> [WHAT THE EXERCISE ASKS]: Set down the full listing exactly as given. Any pictures are to be left out.

# # #

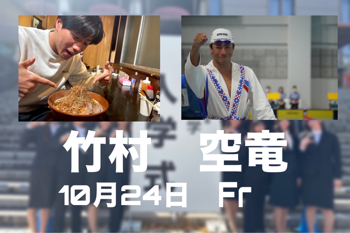 🌙 メンバーブログ 2025.04.23 こんばんは! 本日の自己紹介は… 1.竹村空竜 2.埼玉県 3.10月24日 4.自由形 5.心絵/ロードオブメジャー 6.プルパドはなかなか強いです 7.キック鍛えます 期待の新入生、空竜です! 1年目からの活躍に期待です⚡️
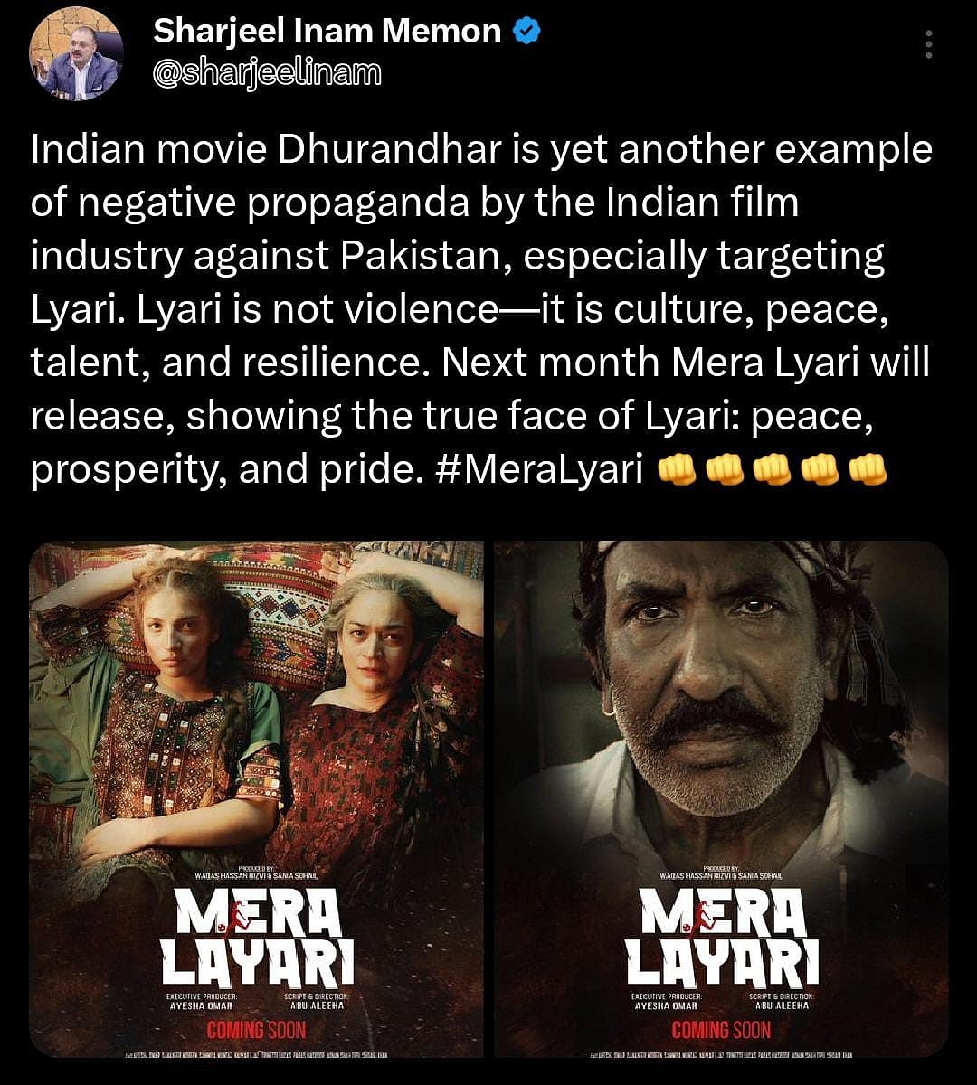 Sindh Information Minister Sharjeel Inam Memon shared Mera Layari's posters on X and wrote, "Indian movie Dhurandhar is yet another example of negative propaganda by the Indian film industry against Pakistan, especially targeting Lyari. Lyari is not violenceโit is culture, peace, talent, and resilience. Next month Mera Lyari will release, showing the true face of Lyari: peace, prosperity, and pride. #MeraLyari."A
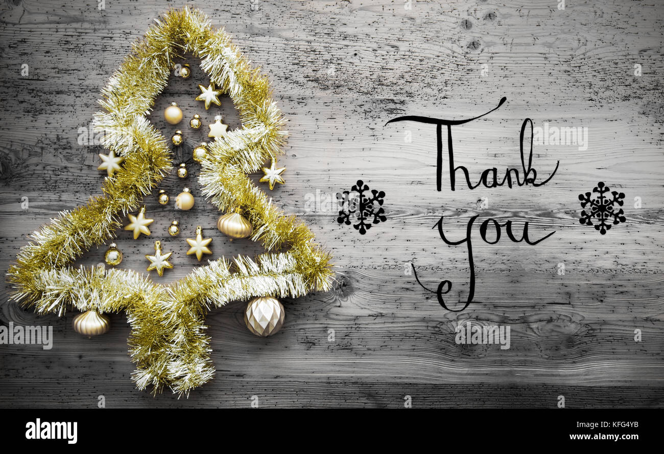 La Calligrafia Nero Con Testo In Inglese Grazie Golden Tinsel Albero Di Natale Palla Di Natale Ornamento In Grigio Sullo Sfondo Di Legno Foto Stock Alamy
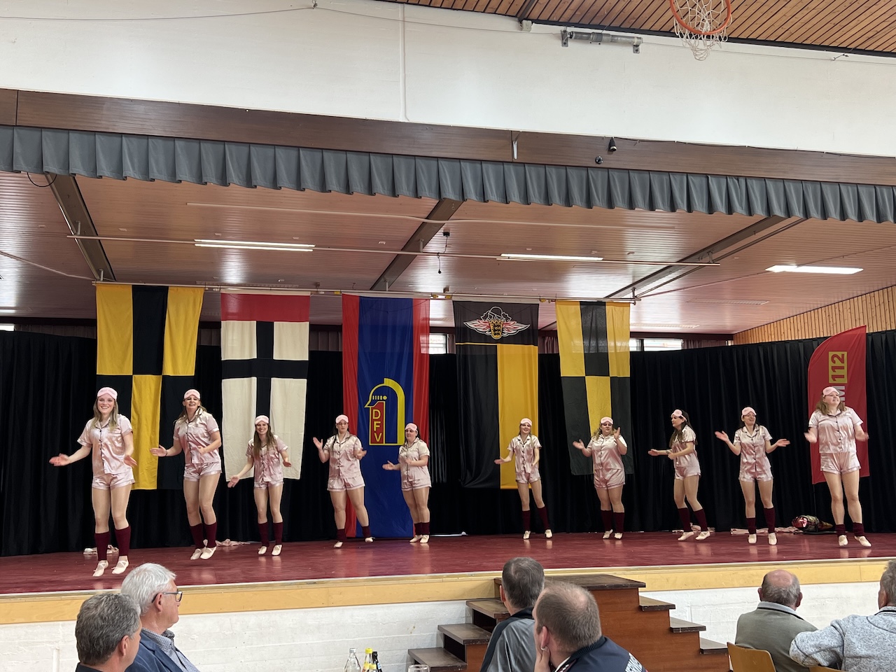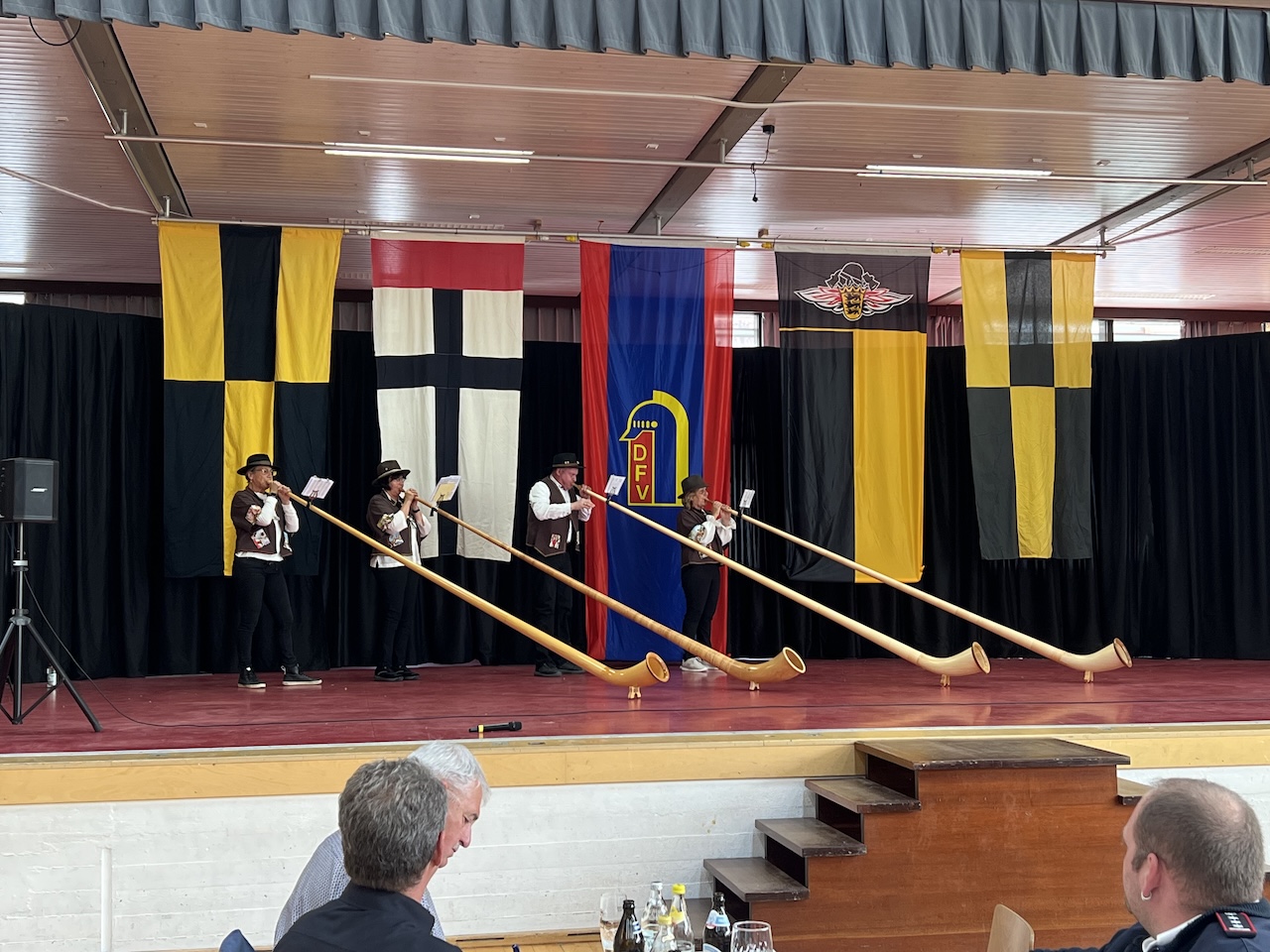 Nach den Grußworten erwartete die Gäste ein unterhaltsames Programm. Ein Tanz der Garde in Pyjamas sorgte für viel Aufmerksamkeit, und ein Auftritt von vier Alphornbläserinnen und -bläsern mit ihren traditionellen Instrumenten wurde zu einem musikalischen Höhepunkt. Gleichzeitig blieb ausreichend Zeit für Gespräche und das Wiedersehen mit Kameraden aus der eigenen sowie aus anderen Wehren, mit denen man viele Jahre im Feuerwehrdienst verbracht hatte.
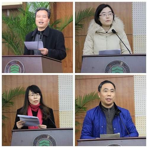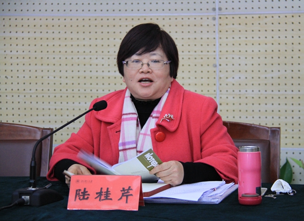 章清从六中全会具有特殊的历史方位、历史贡献、历史地位三个维度,全面阐释了全会的重要意义,从中国高等教育的根本地位、根本宗旨、根本任务、根本方向、根本标准、根本保证六个方面全方位阐明了落实全国高校思想政治工作会议精神对贯彻全会精神的重要作用。同时,他结合学校实际,用“五行、五难”形象地概括了学校干部队伍存在的主要问题,并用“境、德、情、勤、饮、断、担、规”八字重点,要求打造一支特别能战斗如铁一般的干部队伍。陆桂芹主要围绕全面从严治党的背景、十八大以来全面从严治党的措施及取得的新成就、十八届六中全会在全面从严治党上的新亮点及怎样学习贯彻十八届六中全会精神等内容,阐述了坚定不移地推进全面从严治党重要性、必要性及实施路径,同时针对我校干部队伍抛出四个问题予以共同思考与勉励。
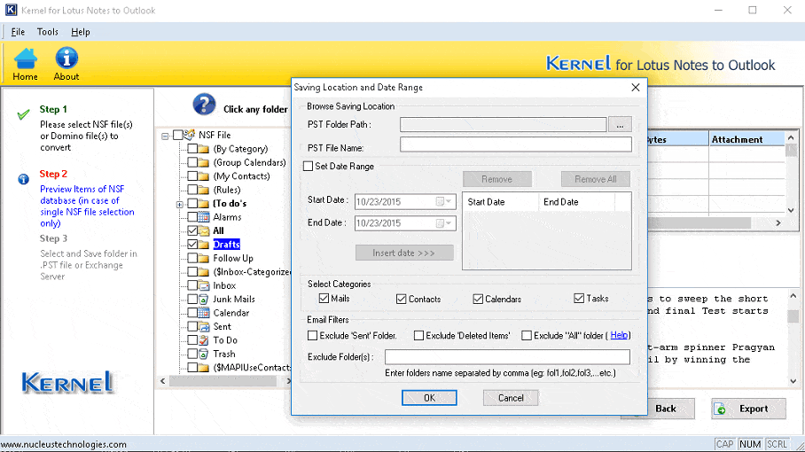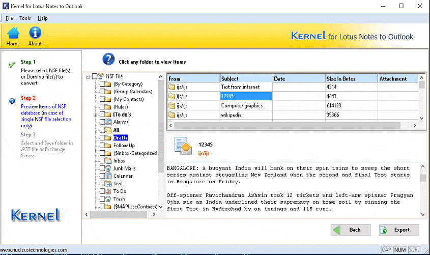 Kernel Lotus Notes to Outlook is an expedient tool to convert Lotus Notes NSF files to Outlook PST. NSF to PST Conversion software converts entire Lotus Notes Domino Server user mailboxes to PST files that can later be accessed via Exchange Server and MS Outlook. The NSF to PST converter tool migrates entire Lotus Notes mailbox data that includes emails, email attachments, address Books, Journals, Calendar etc. Kernel NSF to PST conversion recreates same folder structure of NSF file to PST file, which becomes easy to view in MS Outlook.
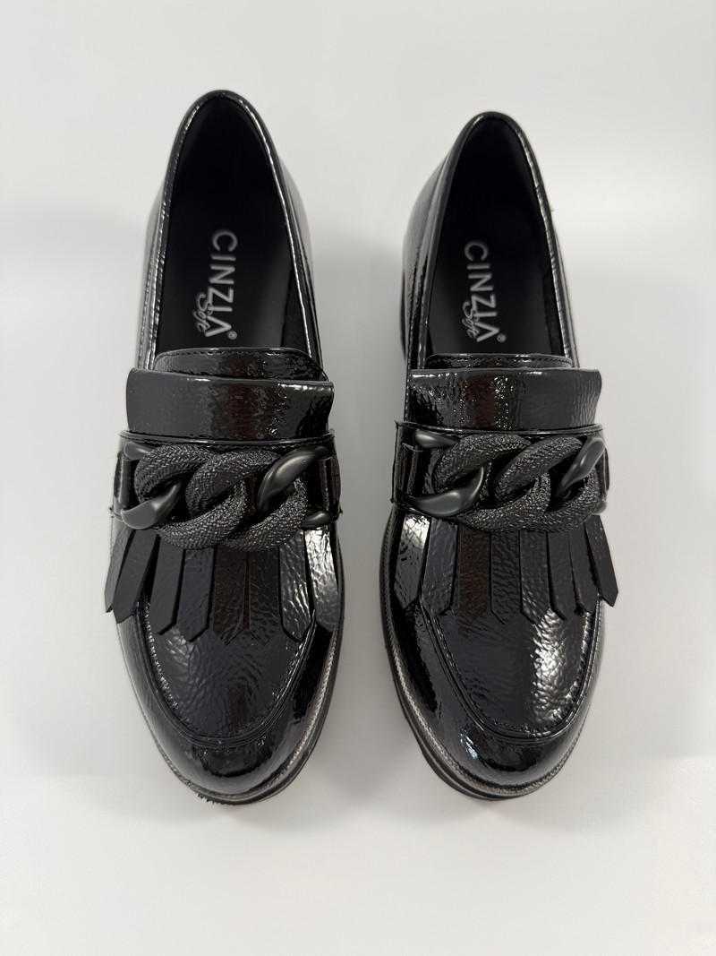 Mocassino Cinzia Soft vernice nero con accessorio art.2066
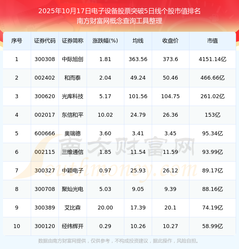 2025年10月17日电子设备股票突破5日线个股市值排名
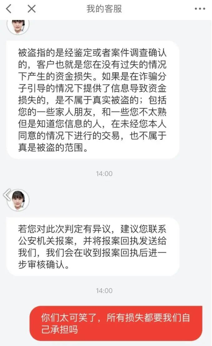从综合信息来看,140条用户有关“盗刷”投诉的内容中,“京东白条、信用卡、个人银行卡”均有涉及。京东金融方面如何认定“被盗”。金融虎APP注意到,据一名投诉用户提供的与客服的沟通对话截图显示,京东金融客服表示:“被盗指的是经鉴定或者案件调查确认的,客户也就是您在没有过失的情况下产生的资金损失。如果是在诈骗分子引导的情况下提供了信息导致资金损失的,是不属于真实被盗的;包括您的一些家人朋友,和一些您不太熟但是知道您信息的人,在未经您本人同意的情况下进行的交易,也不属于真实被盗的范围”。这名客服还强调:“若您对此次判定有异议,建议您联系公关机关报案,并将报案回执发送给我们,我们会在收到报案回执行进一步审核确认。”。
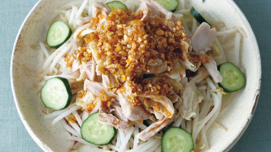 鍋に湯を沸かしてもやしを入れ、中火で約2分間ゆでる。ざるに上げて冷ます。きゅうりは2〜3mm厚さの輪切りにする。ゆで鶏は骨を外し、食べやすい大きさに裂く。皮は手で小さくちぎる。
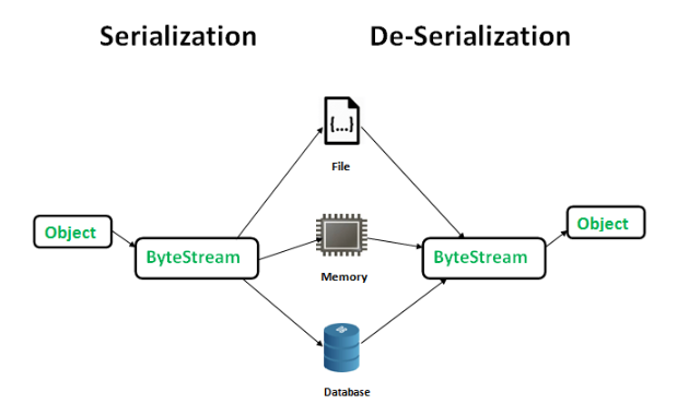 반대로 역직렬화를 할 때는 일련의 형식을 가진 데이터를 읽거나 메모리에 쓸 수 있도록 변환하는 것이다.

# # #

> [ANSWER FOR THE TASK]:
 🌙 メンバーブログ 2025.04.23 こんばんは! 本日の自己紹介は… 1.竹村空竜 2.埼玉県 3.10月24日 4.自由形 5.心絵/ロードオブメジャー 6.プルパドはなかなか強いです 7.キック鍛えます 期待の新入生、空竜です! 1年目からの活躍に期待です⚡️
 Sindh Information Minister Sharjeel Inam Memon shared Mera Layari's posters on X and wrote, "Indian movie Dhurandhar is yet another example of negative propaganda by the Indian film industry against Pakistan, especially targeting Lyari. Lyari is not violenceโit is culture, peace, talent, and resilience. Next month Mera Lyari will release, showing the true face of Lyari: peace, prosperity, and pride. #MeraLyari."A
 La Calligrafia Nero Con Testo In Inglese Grazie Golden Tinsel Albero Di Natale Palla Di Natale Ornamento In Grigio Sullo Sfondo Di Legno Foto Stock Alamy
 Nach den Grußworten erwartete die Gäste ein unterhaltsames Programm. Ein Tanz der Garde in Pyjamas sorgte für viel Aufmerksamkeit, und ein Auftritt von vier Alphornbläserinnen und -bläsern mit ihren traditionellen Instrumenten wurde zu einem musikalischen Höhepunkt. Gleichzeitig blieb ausreichend Zeit für Gespräche und das Wiedersehen mit Kameraden aus der eigenen sowie aus anderen Wehren, mit denen man viele Jahre im Feuerwehrdienst verbracht hatte.
 章清从六中全会具有特殊的历史方位、历史贡献、历史地位三个维度,全面阐释了全会的重要意义,从中国高等教育的根本地位、根本宗旨、根本任务、根本方向、根本标准、根本保证六个方面全方位阐明了落实全国高校思想政治工作会议精神对贯彻全会精神的重要作用。同时,他结合学校实际,用“五行、五难”形象地概括了学校干部队伍存在的主要问题,并用“境、德、情、勤、饮、断、担、规”八字重点,要求打造一支特别能战斗如铁一般的干部队伍。陆桂芹主要围绕全面从严治党的背景、十八大以来全面从严治党的措施及取得的新成就、十八届六中全会在全面从严治党上的新亮点及怎样学习贯彻十八届六中全会精神等内容,阐述了坚定不移地推进全面从严治党重要性、必要性及实施路径,同时针对我校干部队伍抛出四个问题予以共同思考与勉励。
 Kernel Lotus Notes to Outlook is an expedient tool to convert Lotus Notes NSF files to Outlook PST. NSF to PST Conversion software converts entire Lotus Notes Domino Server user mailboxes to PST files that can later be accessed via Exchange Server and MS Outlook. The NSF to PST converter tool migrates entire Lotus Notes mailbox data that includes emails, email attachments, address Books, Journals, Calendar etc. Kernel NSF to PST conversion recreates same folder structure of NSF file to PST file, which becomes easy to view in MS Outlook.
 Mocassino Cinzia Soft vernice nero con accessorio art.2066
 2025年10月17日电子设备股票突破5日线个股市值排名
从综合信息来看,140条用户有关“盗刷”投诉的内容中,“京东白条、信用卡、个人银行卡”均有涉及。京东金融方面如何认定“被盗”。金融虎APP注意到,据一名投诉用户提供的与客服的沟通对话截图显示,京东金融客服表示:“被盗指的是经鉴定或者案件调查确认的,客户也就是您在没有过失的情况下产生的资金损失。如果是在诈骗分子引导的情况下提供了信息导致资金损失的,是不属于真实被盗的;包括您的一些家人朋友,和一些您不太熟但是知道您信息的人,在未经您本人同意的情况下进行的交易,也不属于真实被盗的范围”。这名客服还强调:“若您对此次判定有异议,建议您联系公关机关报案,并将报案回执发送给我们,我们会在收到报案回执行进一步审核确认。”。
 鍋に湯を沸かしてもやしを入れ、中火で約2分間ゆでる。ざるに上げて冷ます。きゅうりは2〜3mm厚さの輪切りにする。ゆで鶏は骨を外し、食べやすい大きさに裂く。皮は手で小さくちぎる。
 반대로 역직렬화를 할 때는 일련의 형식을 가진 데이터를 읽거나 메모리에 쓸 수 있도록 변환하는 것이다.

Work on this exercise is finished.